(Data extracted from a collection)
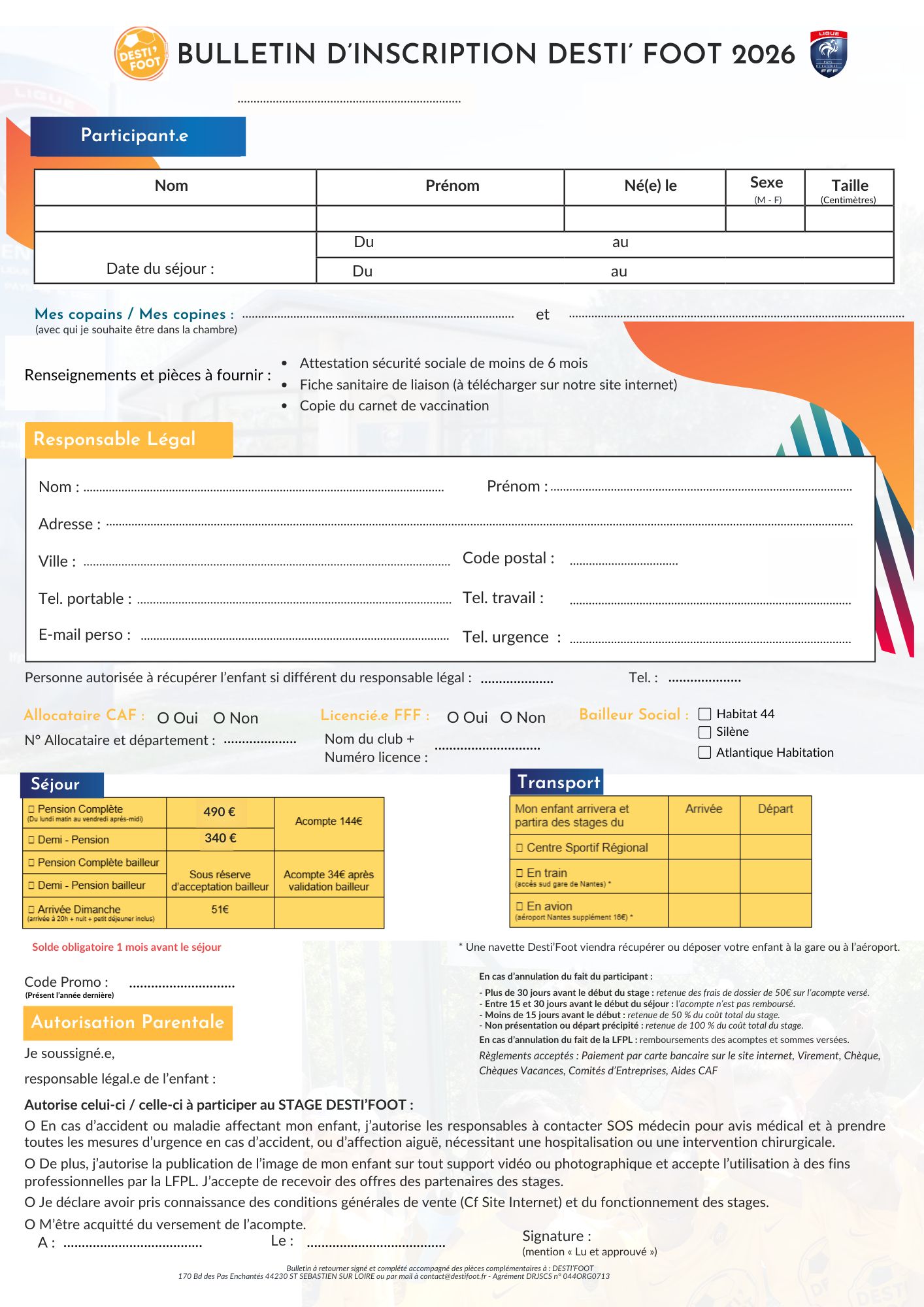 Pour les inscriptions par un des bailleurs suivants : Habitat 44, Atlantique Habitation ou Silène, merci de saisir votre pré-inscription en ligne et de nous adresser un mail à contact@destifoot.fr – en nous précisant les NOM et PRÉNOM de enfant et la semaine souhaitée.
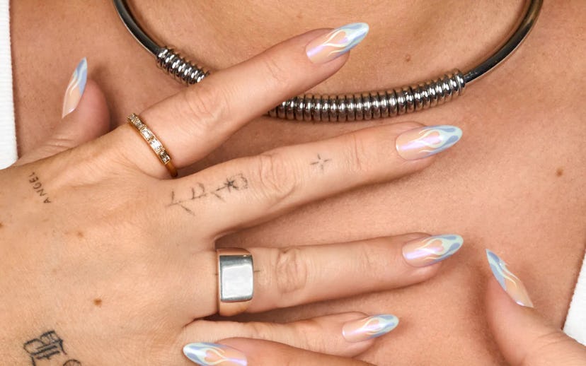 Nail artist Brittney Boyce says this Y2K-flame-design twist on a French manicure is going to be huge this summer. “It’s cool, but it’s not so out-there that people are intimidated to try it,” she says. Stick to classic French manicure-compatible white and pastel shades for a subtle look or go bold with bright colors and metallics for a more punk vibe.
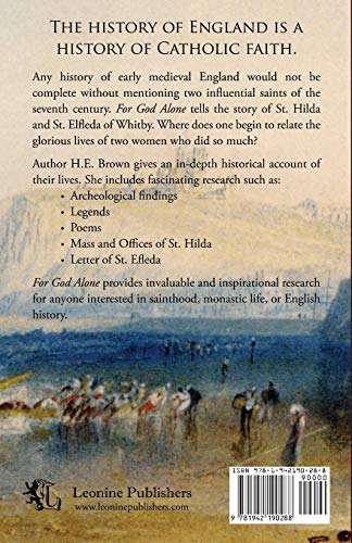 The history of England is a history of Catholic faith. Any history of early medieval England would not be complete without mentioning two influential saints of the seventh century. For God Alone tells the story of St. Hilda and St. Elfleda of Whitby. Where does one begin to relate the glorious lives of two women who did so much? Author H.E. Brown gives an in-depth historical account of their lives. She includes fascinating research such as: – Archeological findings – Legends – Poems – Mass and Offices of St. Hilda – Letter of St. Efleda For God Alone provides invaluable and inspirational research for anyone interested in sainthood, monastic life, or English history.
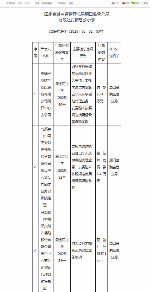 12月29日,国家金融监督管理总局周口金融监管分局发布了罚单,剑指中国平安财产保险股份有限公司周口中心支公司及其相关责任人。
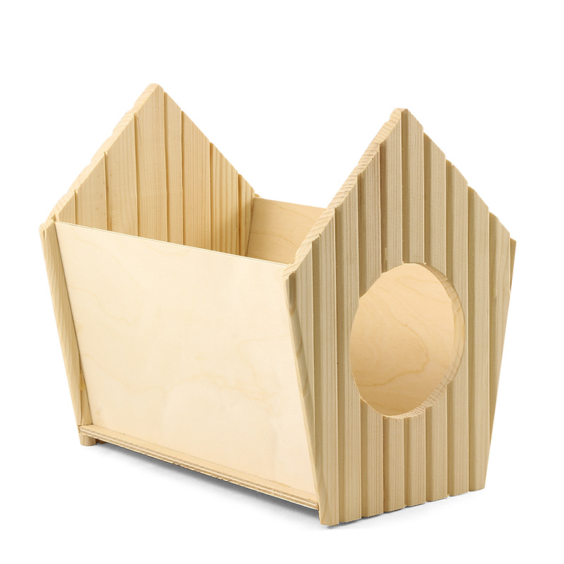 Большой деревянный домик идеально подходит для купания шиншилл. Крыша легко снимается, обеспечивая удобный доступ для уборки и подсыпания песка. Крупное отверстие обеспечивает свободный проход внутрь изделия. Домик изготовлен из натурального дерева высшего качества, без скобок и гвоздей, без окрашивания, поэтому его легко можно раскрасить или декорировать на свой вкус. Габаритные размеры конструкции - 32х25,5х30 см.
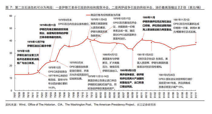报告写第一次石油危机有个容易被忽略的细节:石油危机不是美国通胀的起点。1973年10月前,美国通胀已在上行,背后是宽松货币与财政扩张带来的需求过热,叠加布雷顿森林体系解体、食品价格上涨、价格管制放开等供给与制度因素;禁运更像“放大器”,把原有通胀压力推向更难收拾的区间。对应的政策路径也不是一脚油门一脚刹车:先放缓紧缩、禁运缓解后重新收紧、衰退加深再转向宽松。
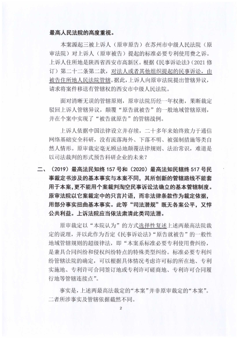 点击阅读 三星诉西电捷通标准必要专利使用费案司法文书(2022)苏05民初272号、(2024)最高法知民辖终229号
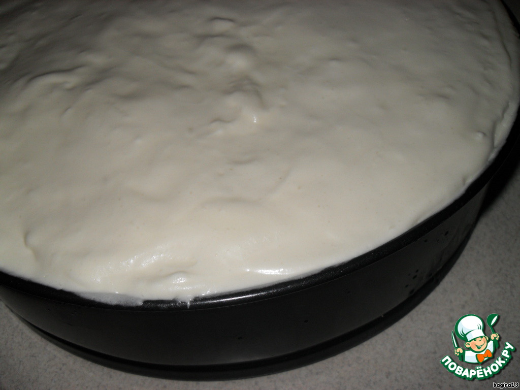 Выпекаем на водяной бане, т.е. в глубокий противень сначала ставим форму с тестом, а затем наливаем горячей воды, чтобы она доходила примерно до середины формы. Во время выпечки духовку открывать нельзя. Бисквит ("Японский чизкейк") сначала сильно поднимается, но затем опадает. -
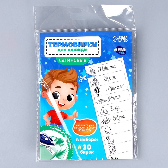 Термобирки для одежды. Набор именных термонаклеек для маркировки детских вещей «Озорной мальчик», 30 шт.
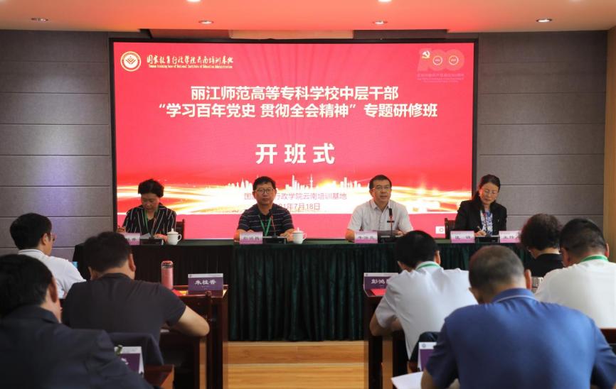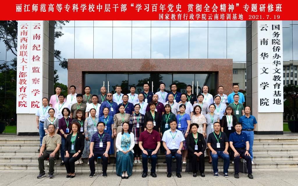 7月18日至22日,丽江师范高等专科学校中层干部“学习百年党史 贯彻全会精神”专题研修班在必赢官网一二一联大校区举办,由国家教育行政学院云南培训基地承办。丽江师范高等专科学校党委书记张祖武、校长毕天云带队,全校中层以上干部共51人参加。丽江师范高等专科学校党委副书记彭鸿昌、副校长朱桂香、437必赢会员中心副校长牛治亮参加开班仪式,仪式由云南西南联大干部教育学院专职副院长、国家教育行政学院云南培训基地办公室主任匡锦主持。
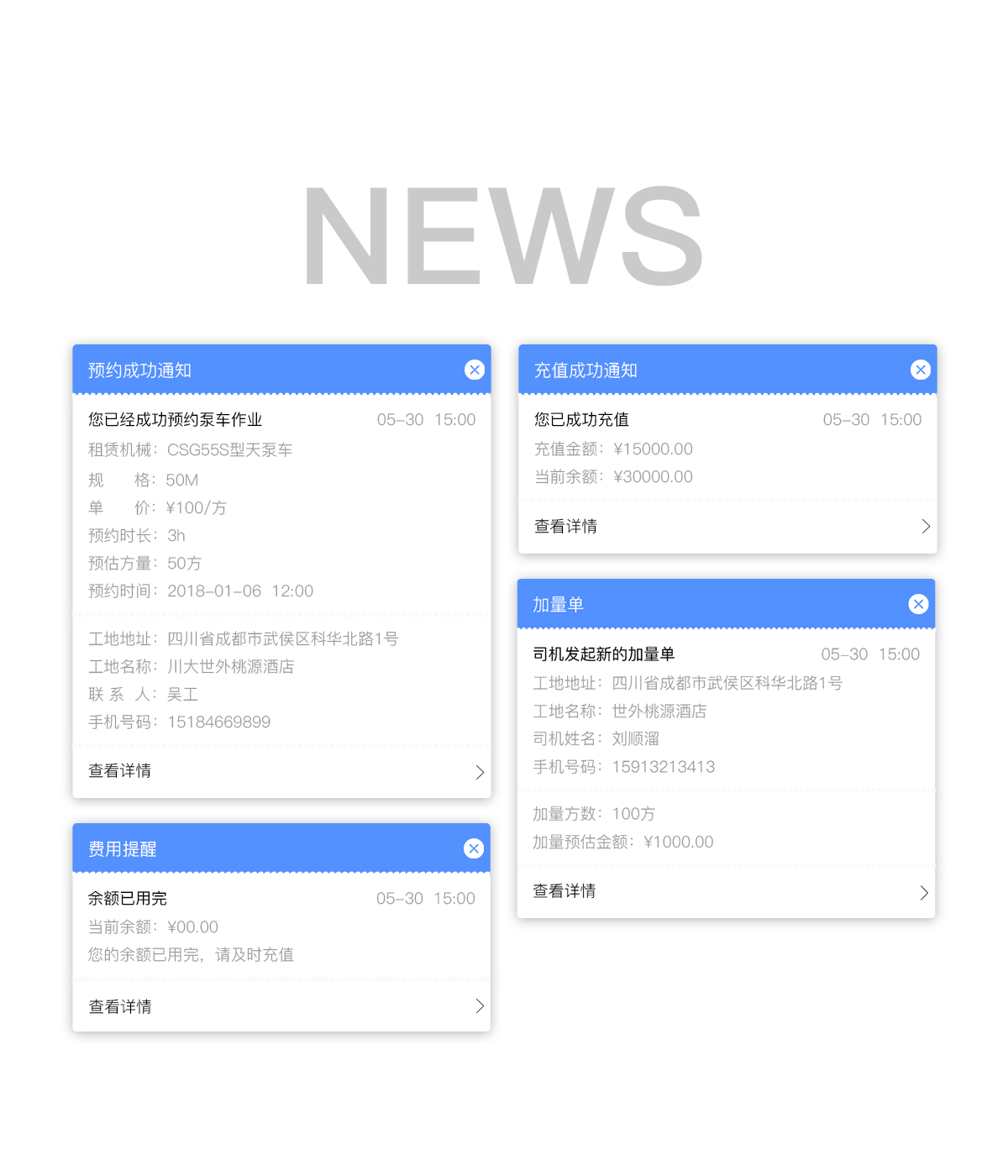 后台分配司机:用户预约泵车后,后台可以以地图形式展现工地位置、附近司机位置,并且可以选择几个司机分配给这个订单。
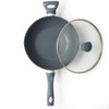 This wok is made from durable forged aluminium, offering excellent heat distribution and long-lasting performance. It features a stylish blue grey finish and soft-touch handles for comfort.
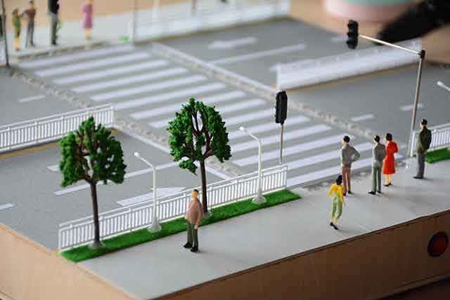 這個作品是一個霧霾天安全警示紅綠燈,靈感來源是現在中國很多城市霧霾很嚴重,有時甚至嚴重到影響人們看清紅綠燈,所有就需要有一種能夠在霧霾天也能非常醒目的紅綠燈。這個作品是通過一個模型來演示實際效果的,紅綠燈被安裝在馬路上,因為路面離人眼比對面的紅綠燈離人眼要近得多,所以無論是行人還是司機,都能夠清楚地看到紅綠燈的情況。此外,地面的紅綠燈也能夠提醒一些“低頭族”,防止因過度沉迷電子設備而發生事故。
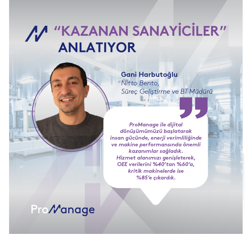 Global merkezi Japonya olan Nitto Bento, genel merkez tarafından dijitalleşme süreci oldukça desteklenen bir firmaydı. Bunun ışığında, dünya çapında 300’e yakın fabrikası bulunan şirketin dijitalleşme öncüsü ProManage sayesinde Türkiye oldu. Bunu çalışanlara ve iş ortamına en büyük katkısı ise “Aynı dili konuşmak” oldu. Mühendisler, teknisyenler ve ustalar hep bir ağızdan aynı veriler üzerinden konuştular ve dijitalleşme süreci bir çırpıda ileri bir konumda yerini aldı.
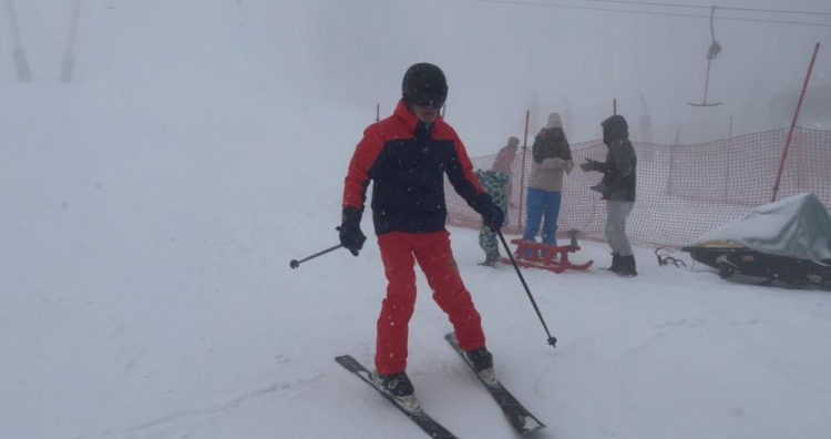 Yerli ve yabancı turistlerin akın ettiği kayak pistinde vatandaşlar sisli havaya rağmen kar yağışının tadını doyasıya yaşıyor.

__PROBLEM REQUIREMENTS__: Within the entries above, the lines from the one containing "Термобирки для одежды." through the one containing "這個作品是一個霧霾天安全警示" are to be transcribed exactly, ends included, pictures excluded.

__ANSWER TO THE EXERCISE__:
 Термобирки для одежды. Набор именных термонаклеек для маркировки детских вещей «Озорной мальчик», 30 шт.
 7月18日至22日,丽江师范高等专科学校中层干部“学习百年党史 贯彻全会精神”专题研修班在必赢官网一二一联大校区举办,由国家教育行政学院云南培训基地承办。丽江师范高等专科学校党委书记张祖武、校长毕天云带队,全校中层以上干部共51人参加。丽江师范高等专科学校党委副书记彭鸿昌、副校长朱桂香、437必赢会员中心副校长牛治亮参加开班仪式,仪式由云南西南联大干部教育学院专职副院长、国家教育行政学院云南培训基地办公室主任匡锦主持。
 后台分配司机:用户预约泵车后,后台可以以地图形式展现工地位置、附近司机位置,并且可以选择几个司机分配给这个订单。
 This wok is made from durable forged aluminium, offering excellent heat distribution and long-lasting performance. It features a stylish blue grey finish and soft-touch handles for comfort.
 這個作品是一個霧霾天安全警示紅綠燈,靈感來源是現在中國很多城市霧霾很嚴重,有時甚至嚴重到影響人們看清紅綠燈,所有就需要有一種能夠在霧霾天也能非常醒目的紅綠燈。這個作品是通過一個模型來演示實際效果的,紅綠燈被安裝在馬路上,因為路面離人眼比對面的紅綠燈離人眼要近得多,所以無論是行人還是司機,都能夠清楚地看到紅綠燈的情況。此外,地面的紅綠燈也能夠提醒一些“低頭族”,防止因過度沉迷電子設備而發生事故。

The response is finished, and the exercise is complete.